Ibarrola admite que "no hace falta tener un cuento para explicar el divorcio, otro para los
celos, otro para hablar de solidaridad". La transmisión de valores está implícita en todos
los cuentos bien escritos, tanto los clásicos como los modernos. Aunque hay emociones,
como la culpa, que, según Martínez, "aparecen en nuestra sociedad y pocos relatos la
abordan".
Áurea Gómez, maestra y coordinadora pedagógica de la editorial barcelonesa ING
Edicions, abunda en el poder del cuento como elaborador de emociones. "Con el érase
una vez, el relato huye de un tiempo y un espacio concreto, pero aporta imágenes que
pueden ayudar a cambiar actitudes, porque permiten que los más pequeños se pueden
identificar con ellas".

A través de este proceso de identificación, el lector encuentra una solución o estrategia


para digerir y transformar una actitud concreta. Pone un ejemplo: "Un niño que siente
celos de su hermanito recién nacido puede entender la envidia que siente la madrastra
de Blancanieves.

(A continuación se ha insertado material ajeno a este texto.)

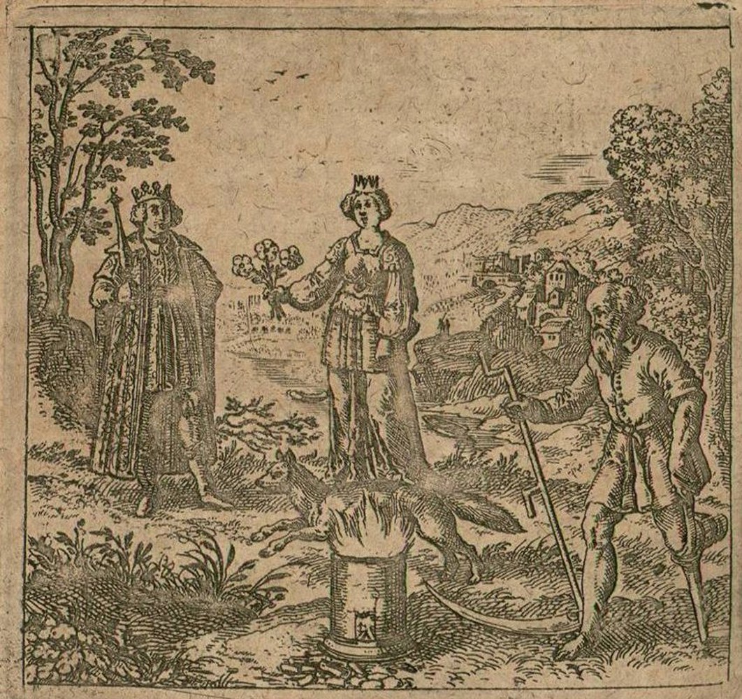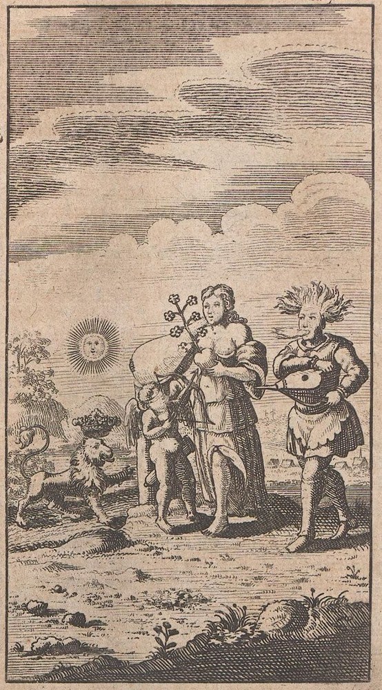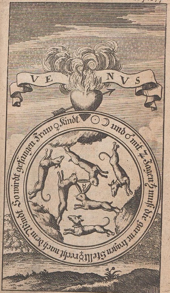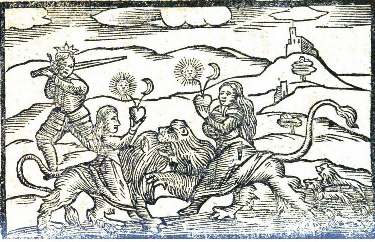 Comme ils parlaient ensemble, le Ciel s’ouvrit, et en sorti un grand animal avec, et un infinité de petits, lequel tua Vulcain, et à gueule ouverte dévora la noble Vénus qui priait pour lui, et cria à haute voix, les femmes m’ont engendré, les femmes ont semé et épars par toute semence et ont rempli le monde, et leur âme est unie avec moi, c’est pourquoi aussi vivrai de leur sang, ayant dit cela à haute voix, il se retire, accompagné de tous ses petits en une chambre, ferma la porte, et mangea bien d’avantage que de coutume, bu sa première incombustible, et digéra bien plus aisément son boire et manger, et créa beaucoup de nombre infini de ses petits, et cela se fit tant de fois que tout le monde en fut rempli.

Al comprobar que hay alguien más que siente esa emoción, puede
separarse de ella, ponerle nombre y, a partir de ahí, transformarla". Gómez considera
que es juego simbólico, que no surge del interior del niño, sino de la cultura popular,
formando un yo colectivo que es comprensible desde diferentes culturas.

En la actualidad, muchos padres se preocupan por el componente educativo de los


cuentos, pero las expertas consultadas aseguran que lo verdaderamente preocupante es
que los cuentos están perdiendo protagonismo en una sociedad dominada por las
pantallas. "Estamos saturando a los niños de imágenes y otros estímulos pasivos, cuando
la creatividad depende sobre todo del desarrollo de la fantasía, para la cual son ideales
las palabras", insiste Martínez.

La pedagoga Áurea Gómez añade que los cuentos aportan un beneficio que no genera la
televisión: "El niño construye sus propias imágenes, y este proceso es fundamental para,
posteriormente, poder ejercitar una buena capacidad de abstracción". Por estos
motivos, todas insisten en la necesidad de mantener la rutina de leer un cuento antes de
acostar a los niños. Razones hay muchas: ese rato mágico, sin distracciones, refuerza el
vínculo entre padres e hijos y proporciona seguridad a la criatura. Además pone las
bases para un buen hábito, el desarrollo del amor por la lectura. "El vínculo entre el que
narra y el que escucha se remonta a los orígenes de la humanidad", añade Ibarrola.
Basta con volver a los ejemplos del principio.